I was truly surprised at how fun the zombie mode was. You could play it alone or with others while defending yourself from wave after wave of zombie attackers. There was some strategy involved, such as boarding up doors and windows and purchasing weapons. And it contained some truly a jump-worthy moments such as when I would turn and see a room full of zombies making a beeline to my position (who weren't there 10 seconds ago). It was all playable in the silky smooth confines of the Call of Duty engine.

Then I played Left 4 Dead. The gameplay wasn’t as smooth, and the action felt less frantic. I was never afraid, and after about 30 minutes, the action felt ultra repetitive. Sure, there are more enemy types, and sure, there is some teamwork involved. And that’s definitely a plus, but there is also teamwork in the free add on zombie mode in Call of Duty. Left 4 Dead ultimately felt like it could have been a top down arcade game from the 80s as that’s about as fancy as it got. In fact, I’ve seen many people compare Left 4 Dead to Hunter the Reckoning, a mediocre Xbox title from seven years ago. So why is it that people love it now, and not then when it was at least somewhat original? Is it because you couldn’t take mediocre gameplay online back then, and you can now?
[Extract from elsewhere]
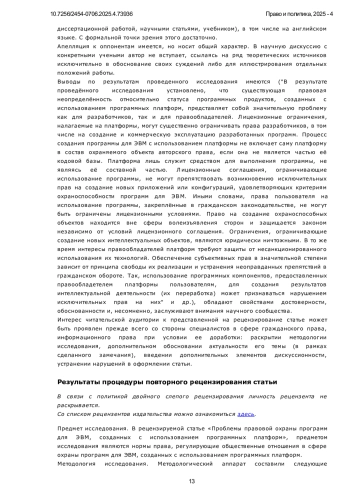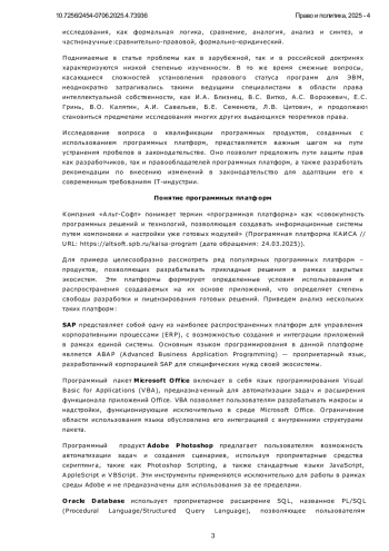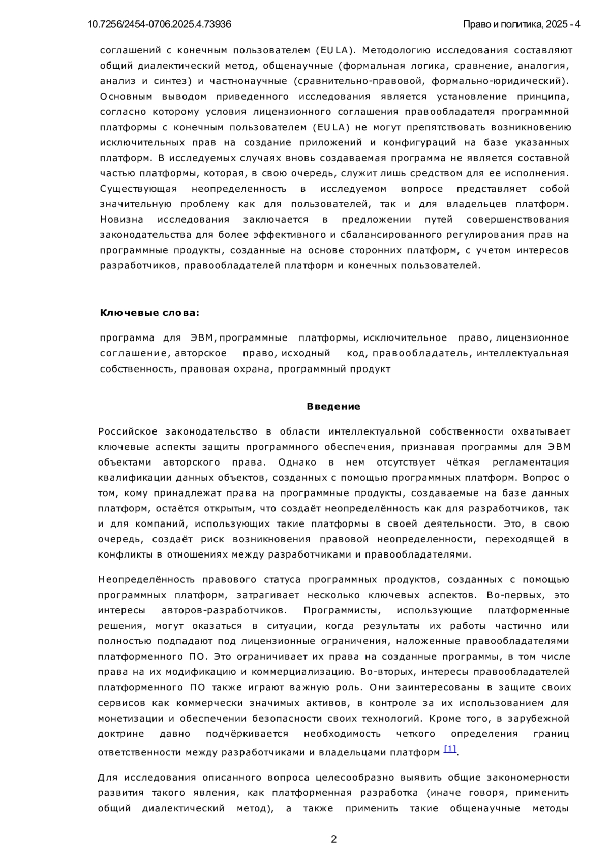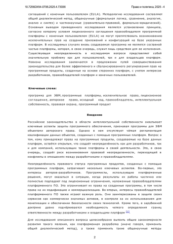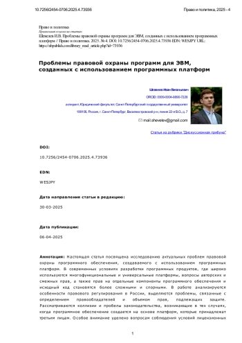 Настоящая статья посвящена исследованию актуальных проблем правовой охраны программного обеспечения, создаваемого с использованием программных платформ. В современных условиях разработки программных продуктов, где широко используются многофункциональные и универсальные платформы, вопросы авторских и смежных прав, а также прав на отдельные компоненты программного обеспечения и исходный код становятся более сложными и спорными. В работе анализируются особенности правового регулирования в России, выделяются проблемы, связанные с определением правообладателей и объемом прав, подлежащих защите. Рассматриваются коллизии и пробелы законодательства, возникающие в тех случаях, когда программное обеспечение создается на основе платформ, которые принадлежат третьим лицам. Особое внимание уделено вопросам соблюдения условий лицензионных соглашений с конечным пользователем (EULA). Методологию исследования составляют общий диалектический метод, общенаучные (формальная логика, сравнение, аналогия, анализ и синтез) и частнонаучные (сравнительно-правовой, формально-юридический). Основным выводом приведенного исследования является установление принципа, согласно которому условия лицензионного соглашения правообладателя программной платформы с конечным пользователем (EULA) не могут препятствовать возникновению исключительных прав на создание приложений и конфигураций на базе указанных платформ. В исследуемых случаях вновь создаваемая программа не является составной частью платформы, которая, в свою очередь, служит лишь средством для ее исполнения. Существующая неопределенность в исследуемом вопросе представляет собой значительную проблему как для пользователей, так и для владельцев платформ. Новизна исследования заключается в предложении путей совершенствования законодательства для более эффективного и сбалансированного регулирования прав на программные продукты, созданные на основе сторонних платформ, с учетом интересов разработчиков, правообладателей платформ и конечных пользователей.

One unique gameplay mechanic that Left 4 Dead offers is the artificial intelligence that says “the player is doing to good – send out more guys.” From the reviews I read, people were praising this as some kind of state-of-the-art revolution when it’s really just code that measures a players health, ammo, and how many enemies are on the screen and decides to send more. Is this really the feature that people are so amazed by? Really? A friend of mine who worked at Microsoft Game Studios (and now works for them as an independent contractor) said that’s the dumbest feature a game could have. His thought on the subject was "so when the player is doing too well, we will make it so the game kills him."

But the bottom line is, for me, it’s just somewhat sad when a bonus extra outperforms an entire game of the same cloth. When I would rather pop in Call of Duty: World at War to get my zombie slaying fix when, right next to it on my game shelf, I have an entire game dedicated to killing dead guys, Valve failed.